About the book:At the cusp of the twentieth century, an heiress turned detective enters a world of deception and danger and must learn to trust her nemesis with both her life and her love.
Tormented by a tragic past, Miss Lillian Holmes nonetheless found the strength to go on, to become the greatest female detective of her time. To make her uncle proud. Except...he was not truly her uncle. Sherlock was a fictional character, and Lil was less a true detective than a sheltered twenty-six year old heiress with taste for mystery...and morphine. But then she saw him. Leaping from her neighbor’s second-story window, a beautiful stranger. With the recent murders plaguing Baltimore, here was a chance to reveal the truth.
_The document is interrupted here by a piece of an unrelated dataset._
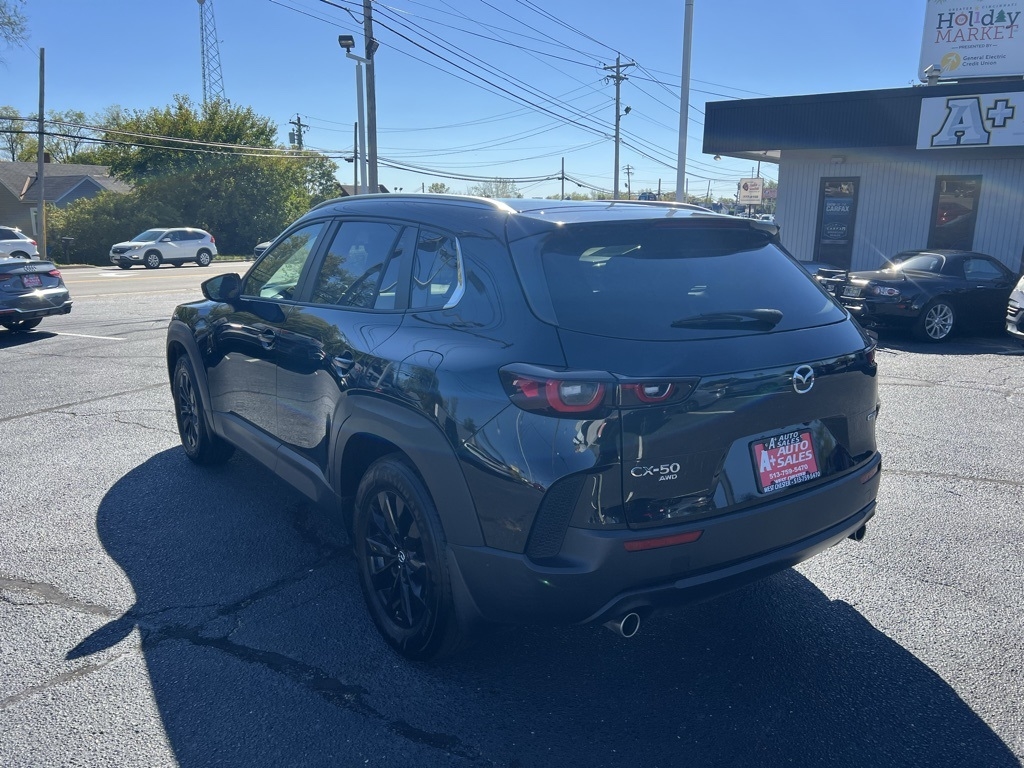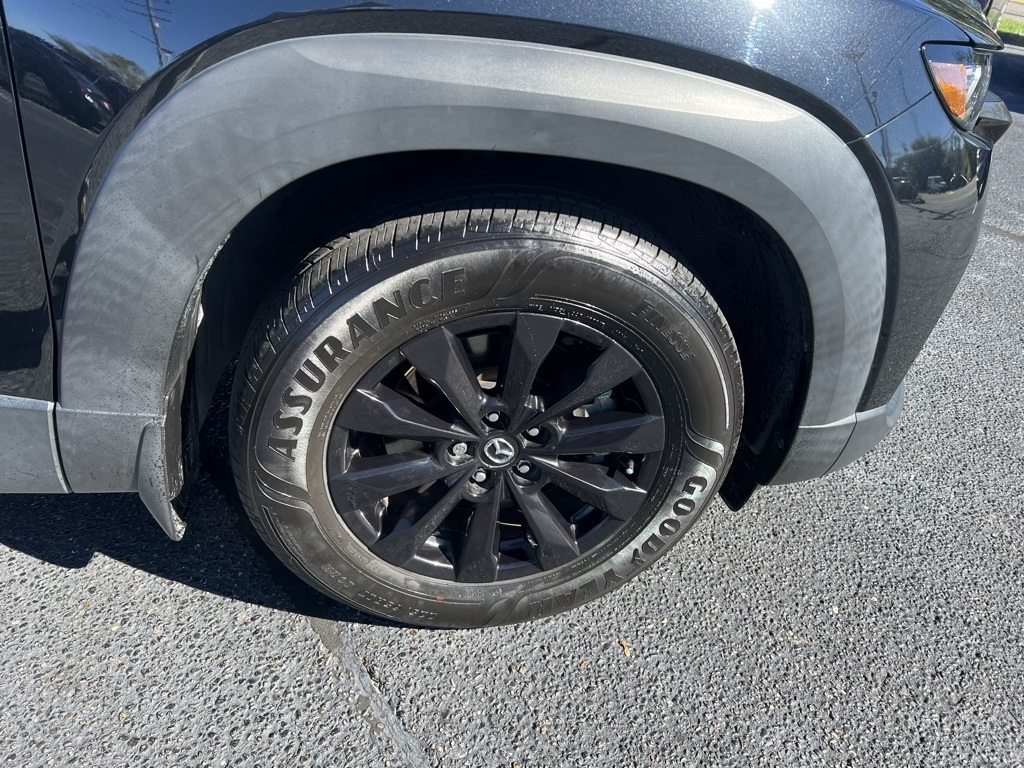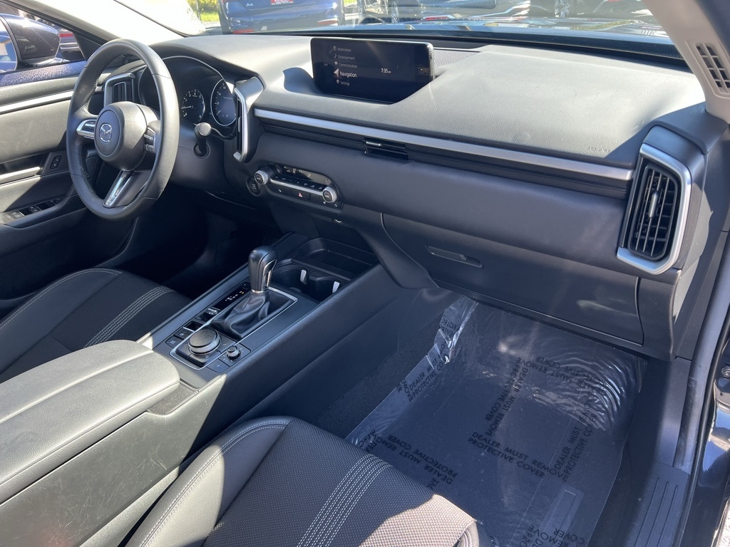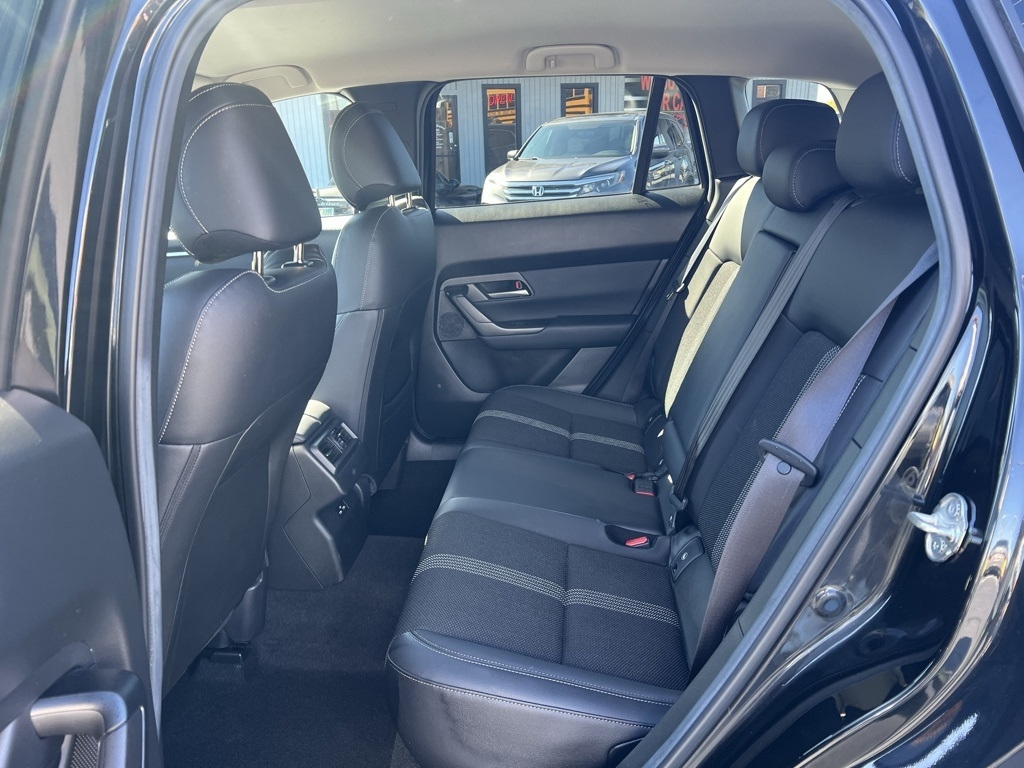 CX-50 2.5 S Preferred Package, 4D Sport Utility, SKYACTIV® 2.5L 4-Cylinder DOHC 16V, 6-Speed Automatic, AWD, Jet Black Mica, Gray Artificial Leather, 4-Wheel Disc Brakes, 4.367 Axle Ratio, 8 Speakers, ABS brakes, Air Conditioning, Alloy wheels, AM/FM radio, AppLink/Apple CarPlay and Android Auto, Auto High-beam Headlights, Automatic temperature control, Brake assist, Bumpers: body-color, Delay-off headlights, Driver door bin, Driver vanity mirror, Dual front impact airbags, Dual front side impact airbags, Electronic Stability Control, Emergency communication system: MAZDA CONNECT, Exterior Parking Camera Rear, Front anti-roll bar, Front Bucket Seats, Front Center Armrest, Front dual zone A/C, Front reading lights, Front wheel independent suspension, Fully automatic headlights, Half Leatherette Seat Trim, Heated door mirrors, Heated Front Bucket Seats, Heated front seats, Illuminated entry, Knee airbag, Leather Shift Knob, Leather steering wheel, Low tire pressure warning, Occupant sensing airbag, Outside temperature display, Overhead airbag, Overhead console, Panic alarm, Passenger door bin, Passenger vanity mirror, Power door mirrors, Power driver seat, Power Liftgate, Power steering, Power windows, Radio data system, Radio: AM/FM/HD Audio System, Rain sensing wipers, Rear seat center armrest, Rear window defroster, Rear window wiper, Remote keyless entry, Retractable Cargo Cover, Speed control, Speed-sensing steering, Split folding rear seat, Spoiler, Steering wheel mounted audio controls, Tachometer, Telescoping steering wheel, Tilt steering wheel, Traction control, Trip computer, Turn signal indicator mirrors, Variably intermittent wipers, Wheels: 17" x 7J Aluminum Alloy, CX-50 2.5 S Preferred Package, 4D Sport Utility, SKYACTIV® 2.5L 4-Cylinder DOHC 16V, 6-Speed Automatic, AWD, Jet Black Mica, Gray Artificial Leather.

Except, the Leaping Man was far more than he seemed. A wanton creature of darkness, an entry point to a realm of deception and evil, and to a Truth she had waited countless years to uncover, he would threaten far more than Lillian’s life. He would take both her heart and soul. And she would rejoice in it.
INTERVIEW WITH CIAR CULLENCiar, by my count, this is your sixteenth published book. Wow. How long have you been writing, and how did you start?
I started writing about 7 years ago or so. I’d done a boatload of nonfiction writing in the day job (I was in publishing for years), but no fiction. I think what I first wrote was actually Lord of the Rings fan fiction, but I didn’t know what fan fiction was or what to do with it, so heck, I just subbed it to a publisher. Ha ha! Sometimes it’s best to be naïve. I’ve been a voracious reader my whole life, and literally sat down and started writing on a whim. I suppose in some deep recess of my psyche, it was more than a whim, but that’s how it felt at the time.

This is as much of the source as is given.